* [Instructions to follow] One range is to be output from the listing below, exactly as written: the line with "Il trend impostato" to the line with "Molakalapudi village has", both kept.
**** Data to use
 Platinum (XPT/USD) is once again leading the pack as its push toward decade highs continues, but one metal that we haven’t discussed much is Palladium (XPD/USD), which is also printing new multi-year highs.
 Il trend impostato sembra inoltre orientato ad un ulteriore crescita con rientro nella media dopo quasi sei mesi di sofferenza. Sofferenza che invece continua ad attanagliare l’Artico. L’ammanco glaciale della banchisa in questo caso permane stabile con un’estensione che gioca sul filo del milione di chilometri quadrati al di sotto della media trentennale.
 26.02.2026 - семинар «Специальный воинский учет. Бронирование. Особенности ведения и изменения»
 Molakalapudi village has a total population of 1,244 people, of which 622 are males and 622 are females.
********
**** Data to use
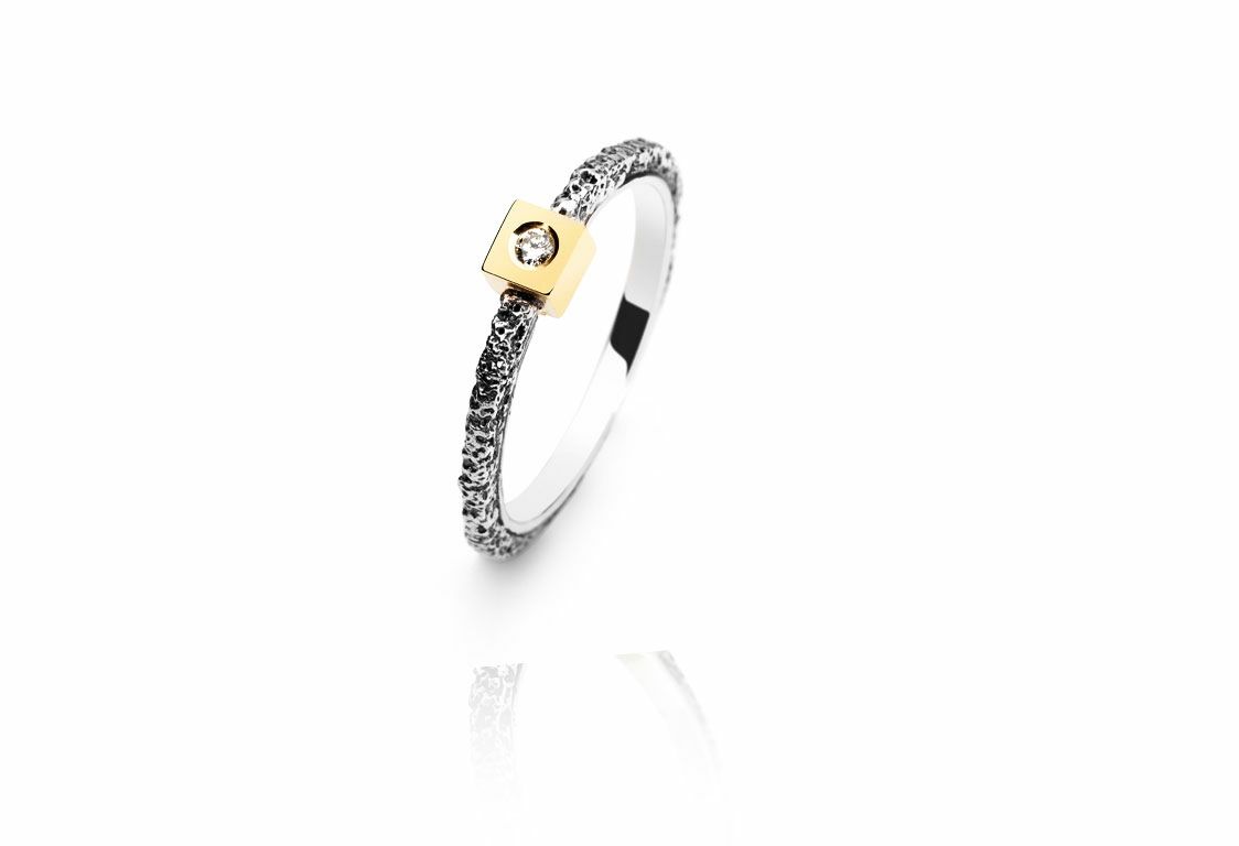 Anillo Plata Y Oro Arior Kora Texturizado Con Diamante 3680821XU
********
**** Data to use
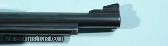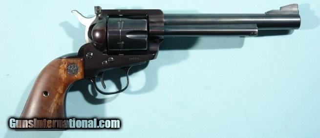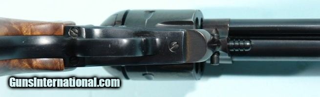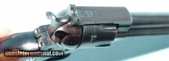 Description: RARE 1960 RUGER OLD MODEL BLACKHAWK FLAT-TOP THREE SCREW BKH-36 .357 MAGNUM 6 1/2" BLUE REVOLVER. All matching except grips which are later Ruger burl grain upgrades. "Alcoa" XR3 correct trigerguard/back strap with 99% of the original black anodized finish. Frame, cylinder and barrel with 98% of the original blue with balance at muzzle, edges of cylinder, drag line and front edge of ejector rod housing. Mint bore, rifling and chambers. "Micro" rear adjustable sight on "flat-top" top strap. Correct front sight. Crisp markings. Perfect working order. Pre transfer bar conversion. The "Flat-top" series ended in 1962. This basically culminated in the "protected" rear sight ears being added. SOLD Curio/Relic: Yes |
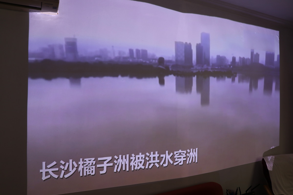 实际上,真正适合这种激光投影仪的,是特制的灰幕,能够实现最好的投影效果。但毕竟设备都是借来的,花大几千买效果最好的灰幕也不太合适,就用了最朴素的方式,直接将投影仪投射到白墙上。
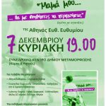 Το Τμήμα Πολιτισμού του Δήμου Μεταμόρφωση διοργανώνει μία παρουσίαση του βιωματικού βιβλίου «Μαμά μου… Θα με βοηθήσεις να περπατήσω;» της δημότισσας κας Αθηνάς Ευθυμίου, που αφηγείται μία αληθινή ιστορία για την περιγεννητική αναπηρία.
********
* [Response]
 Il trend impostato sembra inoltre orientato ad un ulteriore crescita con rientro nella media dopo quasi sei mesi di sofferenza. Sofferenza che invece continua ad attanagliare l’Artico. L’ammanco glaciale della banchisa in questo caso permane stabile con un’estensione che gioca sul filo del milione di chilometri quadrati al di sotto della media trentennale.
 26.02.2026 - семинар «Специальный воинский учет. Бронирование. Особенности ведения и изменения»
 Molakalapudi village has a total population of 1,244 people, of which 622 are males and 622 are females.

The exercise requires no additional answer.